Он помолчал, поглядел сквозь очки на свет и, видимо, остался недоволен результатом, так как снова потянулся за замшей.
– Мне кажется, это как-то неправильно… - молодой человек поднялся с места и принялся бродить по кабинету. - С одной стороны, ангелы, которые не встретились с душами, с другой - люди, лишённые ангелов-хранителей…
– Вы, ангелы, не имеете права помогать никому другому, кроме того, кому предназначены! - строго проговорил чиновник.
– Да знаю я это! - отмахнулся молодой человек. - Но считаю не вполне справедливым. Я достаточно долго брожу по земле и вижу, как их много - душ, рядом с которыми никого нет, которых никто не бережёт от несчастий, от тёмных сил… Скольким из них я мог бы помочь - а мне нельзя!…
– Вот ты говоришь - тёмные силы… - чиновник, наконец, водрузил очки на нос. - А знаешь ли ты, друг дорогой, что многие мои клиенты как раз и за тем и обращаются ко мне, чтобы уберечь своего подопечного от тёмных сил?
Молодой человек удивлённо взглянул на него.
– Как это? Я вас не понимаю! Ангел-хранитель стирается, добровольно решается покинуть этот мир раньше срока, вместо того, чтобы защищать вверенную ему душу? Разве этим он может как-то помочь своему подопечному?
– Получается, что только этим и может… Ты же видишь, насколько неравны наши силы в этой борьбе - борьбе Добра и Зла. Ведь что может ангел-хранитель предложить человеку на земле? Защиту, поддержку, помощь, удачу - но всё это невидимо, так сказать, неосознанно… Это уже потом, после смерти, когда душа предстанет перед Судом, именно от ангела-хранителя во многом будет зависеть, спасётся она или нет, и куда её направят - в рай или в ад… Но ведь люди об этом не знают! Они видят только те соблазны, которыми окружают их на каждом шагу наши конкуренты. А у них - ох какой арсенал для этих целей! Богатство, слава, власть… Ты понимаешь меня?
– Пока что нет! - покачал головой юноша. - Я никак не возьму в толк, причём тут стирание.

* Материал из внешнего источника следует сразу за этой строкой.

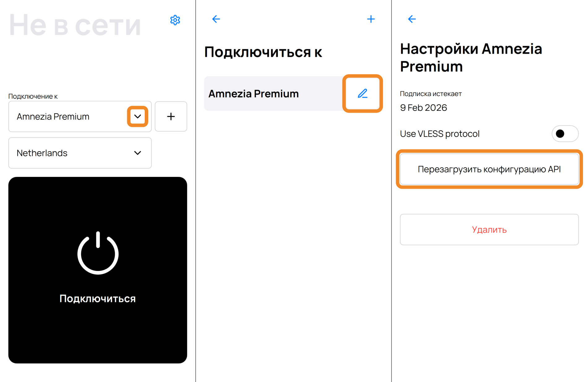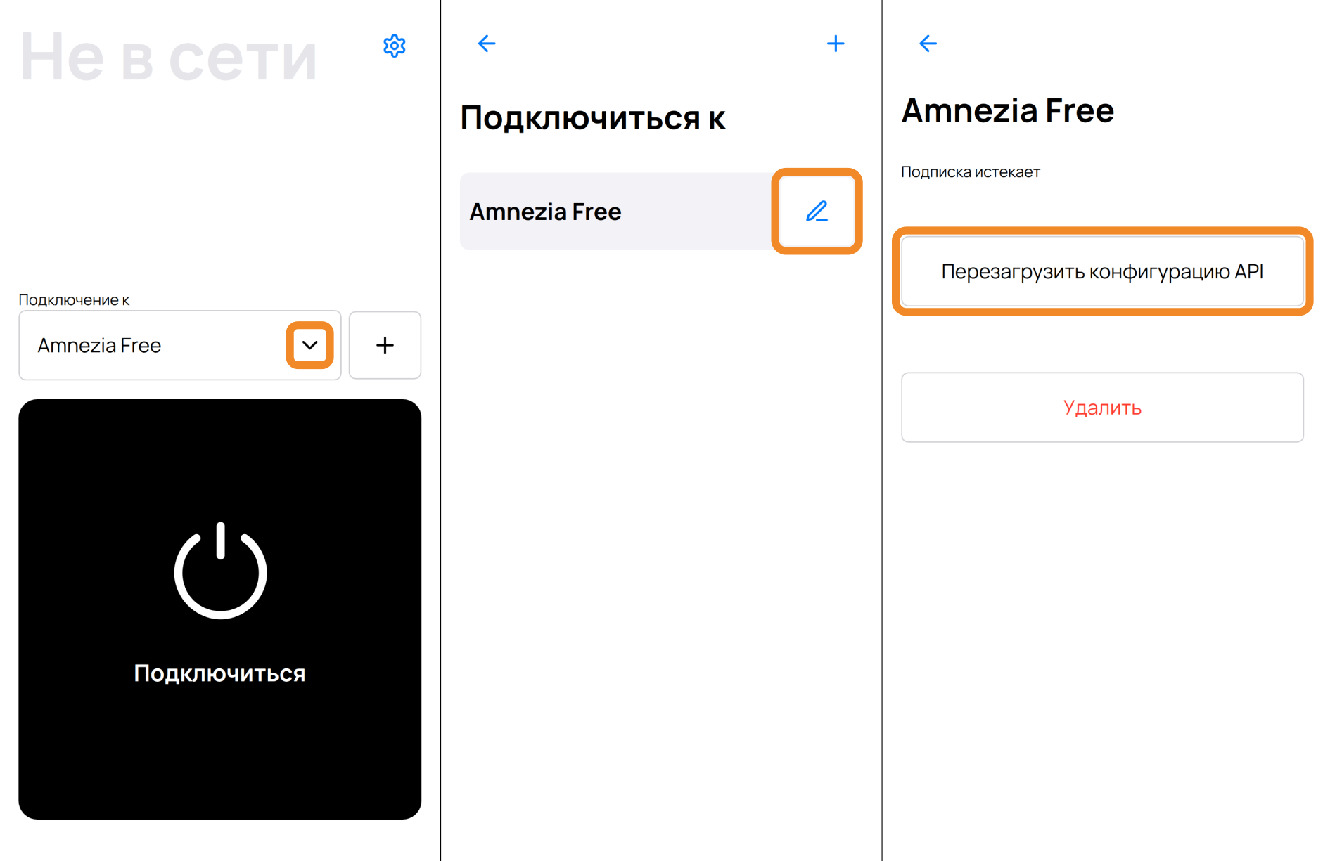 - На следующем экране нажмите на иконку 📝 (карандаш) справа от Amnezia VPN.

– Да при том, что ангел-хранитель просто не в состоянии исполнить все желания своего подопечного! А бесы могут немало, друг дорогой, весьма немало… Потом, конечно, всё это обернётся в прах, развеется, как дым - но человек-то думает, что он получит всё, что хочет. Оттого твои собратья и решаются на такой отчаянный поступок - приходят ко мне и заключают что-то вроде сделки.
– Сделки? С вами?
– Ну не со мной, конечно, я в этом деле только посредник… Решения принимают в вышестоящих инстанциях, - Стиратель поднял глаза к украшенному лепниной потолку.
– Ничего не понимаю, какие решения?
– Господи, да что же тут непонятного? Ангел просит обменять его на исполнение желания его подопечного. Скажем, он видит, что его протеже собирается за что-то отдать душу конкурентам - и он приходит ко мне и просит, чтобы его подшефному дали то, о чём он мечтает.
– И за это ангела стирают? - юноша был несказанно удивлён.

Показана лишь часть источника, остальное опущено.